Early stopping monitored validation MAE with a patience of 15 epochs.
Experimental setup
This section describes our comprehensive experimental protocol, including evaluation metrics, baseline comparisons, and statistical analysis procedures designed to rigorously assess model performance across diverse conditions.
Evaluation metrics
We assessed model performance using multiple complementary metrics that capture different aspects of pain estimation quality, following established guidelines for pain assessment research [6,42]. For regression performance, mean absolute error (MAE) served as our primary metric, computed as the average absolute difference between predicted and ground truth pain scores. This metric provides an intuitive measure of prediction accuracy in the same units as the pain scale itself, directly interpretable by clinicians [21,31].
Root mean squared error (RMSE) provides complementary assessment that more heavily penalizes large errors through the squaring operation. Pearson correlation coefficient (PCC) measures the linear relationship between predicted and ground truth scores, assessing whether the model correctly captures the rank ordering of pain intensities [29,45]. The intraclass correlation coefficient (ICC) specifically measures absolute agreement between predicted and true scores, accounting for both correlation and bias in predictions [15,52].
To assess performance on categorical pain assessment, we discretized continuous pain scores into three clinically meaningful levels: low pain (0–3), moderate pain (4–6), and high pain (7–10) [11,12]. For this three-class problem, we computed overall accuracy, macro-averaged F1-score, and Cohen’s kappa measuring agreement beyond chance [52].
Baseline methods and comparisons
We compared AVPENet against multiple baseline approaches spanning unimodal systems, alternative fusion strategies, and state-of-the-art methods adapted from related domains, following best practices in multimodal learning evaluation [24,48].
The audio-only baseline employed our ResNet-34 audio encoder architecture connected directly to the regression head, bypassing the visual encoder and fusion module entirely [37,46]. The visual-only baseline similarly employed our ResNet-50 visual encoder connected directly to the regression head [30,31].
For multimodal baselines, we implemented early fusion by concatenating raw mel-spectrograms and face images along the channel dimension and processing them through a 3D convolutional neural network [24]. Late fusion trained independent audio and visual models using the same encoder architectures, then averaged their predictions at test time [44]. Concatenation fusion concatenated the audio and visual embeddings and processed the concatenated representation through a multilayer perceptron without attention mechanisms [48]. LSTM fusion passed concatenated embeddings through a bidirectional long short-term memory network before regression.
We also adapted three state-of-the-art methods from related domains: DeepFaceLIFT, employing facial landmark tracking and support vector regression [30]; CryAnalyzer, using acoustic feature engineering and random forest classification adapted for regression [37]; and EmotiEffNet, employing lightweight encoders and attention fusion adapted to pain estimation [25].

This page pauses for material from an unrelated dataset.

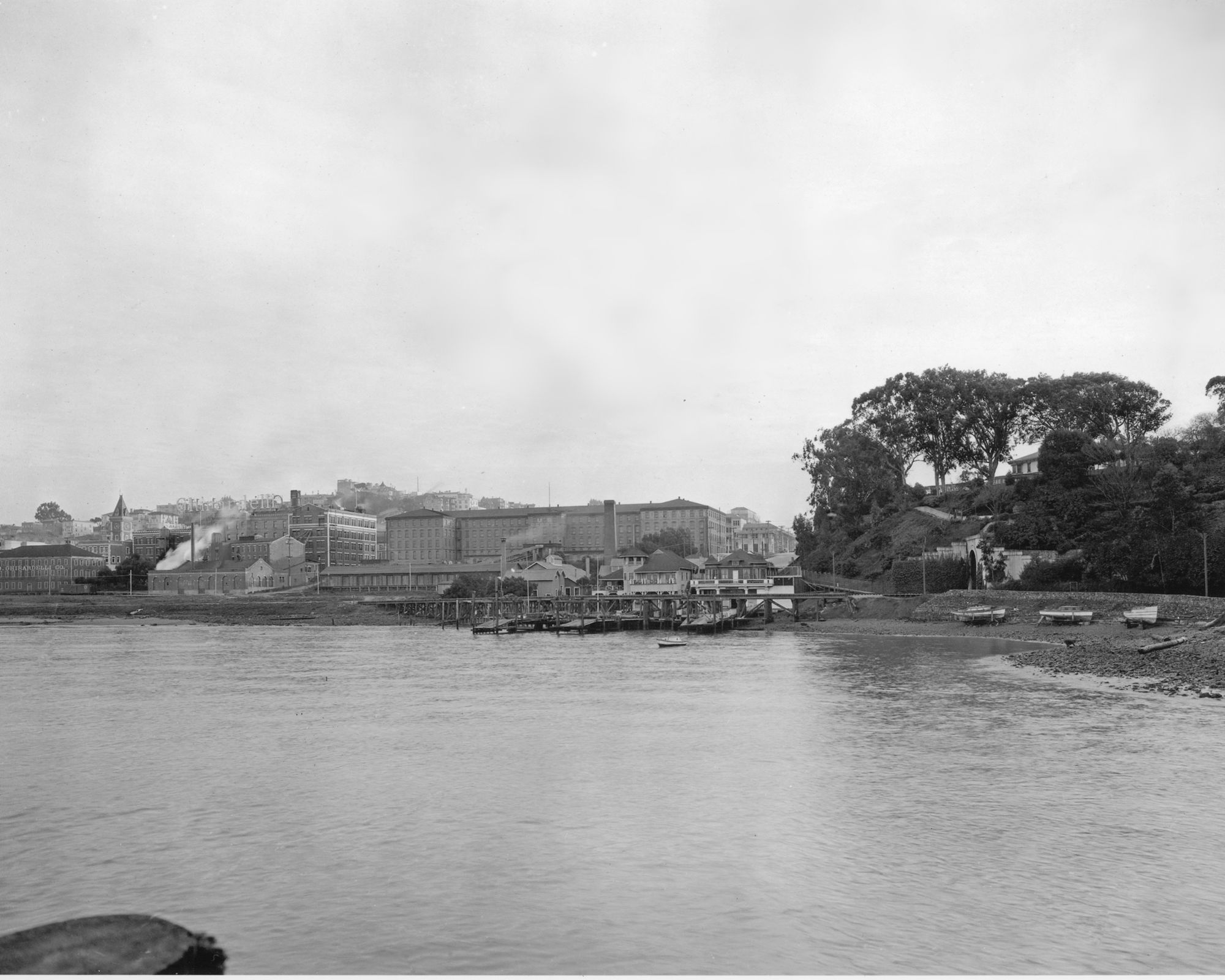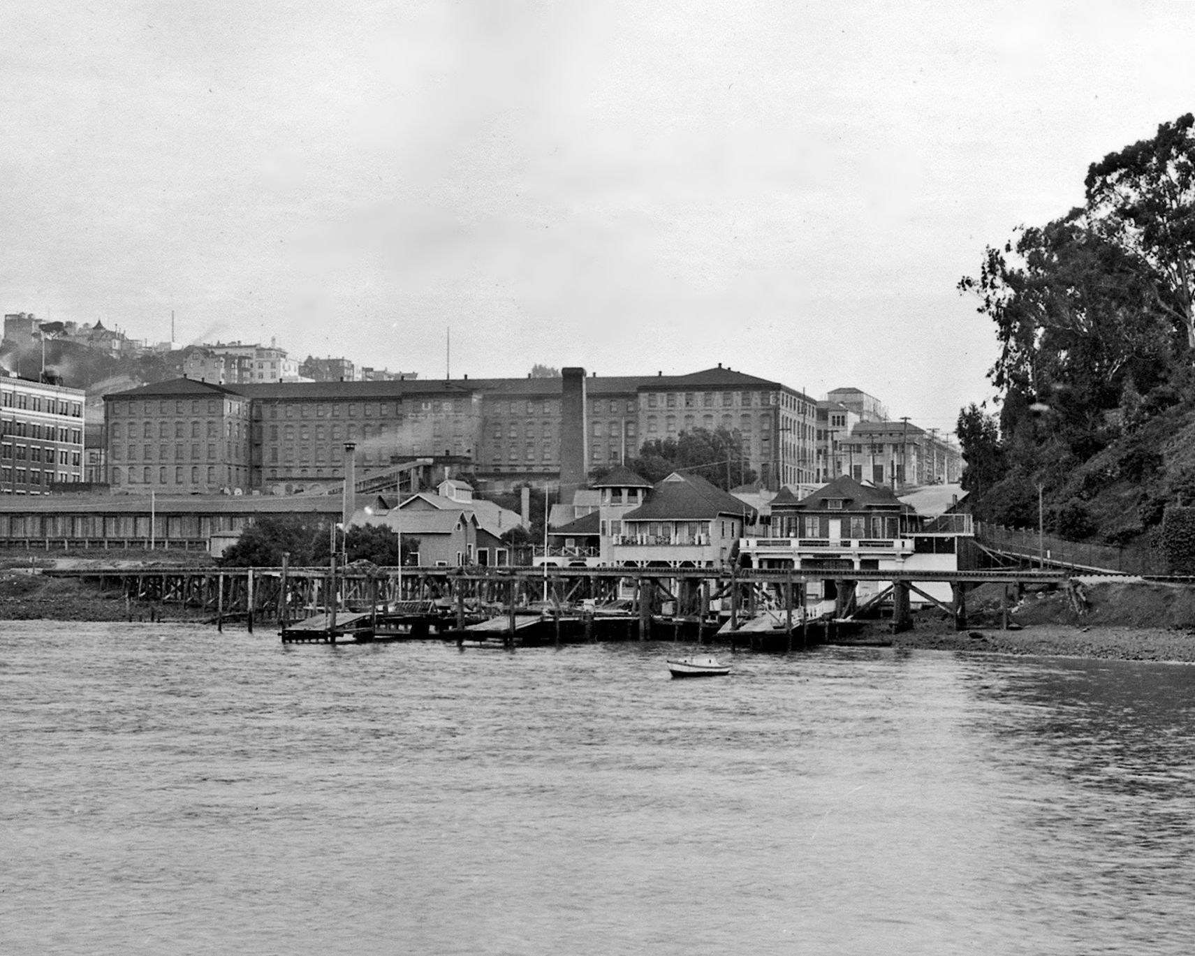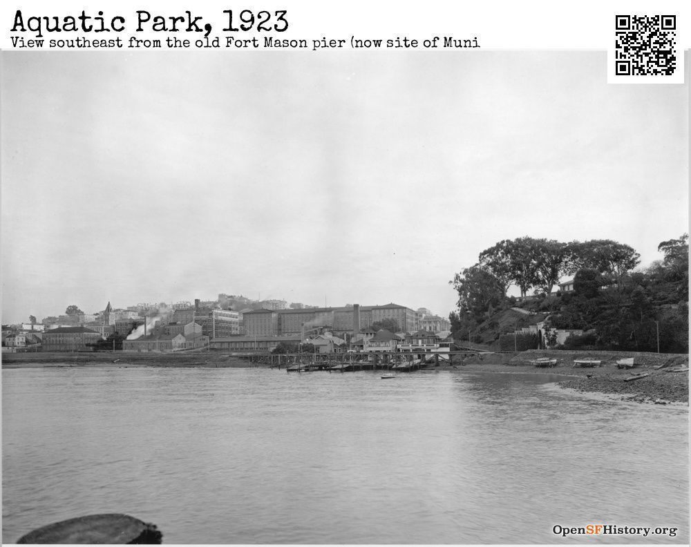 The rowing clubs, L to R, Ariel, Dolphin, and South End clubs in 1923. The other building to the left (east) was the Crystal Springs Water pumping station. The Dolphin Club boathouse was built in 1896. The other clubs arrived about a dozen years later. The railroad trestle over the club piers went to a tunnel under Fort Mason.Subject Place

Experimental conditions and ablation studies
Our experimental protocol comprised multiple complementary analyses designed to thoroughly characterize model performance and understand the contribution of individual components, following rigorous evaluation standards [21,31].
The primary experiment evaluated overall performance on the complete test set containing 650 segments from 86 subjects never seen during training or validation. Age-group stratification divided the test set into neonatal and adult subsets, evaluating performance separately on each population [7,27]. Cross-dataset validation trained on samples from two of three data collection sites and tested on the held-out site, assessing robustness to distributional shifts [47].
Ablation studies systematically removed or modified architectural components to quantify their individual contributions [24,40]. The modality contribution ablation removed the audio encoder, visual encoder, or fusion module to assess each component’s necessity. The fusion strategy ablation replaced our bidirectional cross-attention mechanism with simpler alternatives including element-wise addition, concatenation with MLP, gated fusion, and unidirectional attention. The loss function ablation trained models with different subsets of our composite loss to assess the contribution of ordinal and smoothness terms. The temporal context ablation varied the audio window duration from 1 to 5 seconds. The pretraining impact ablation compared random initialization against ImageNet pretraining and our full pretraining protocol [55,59].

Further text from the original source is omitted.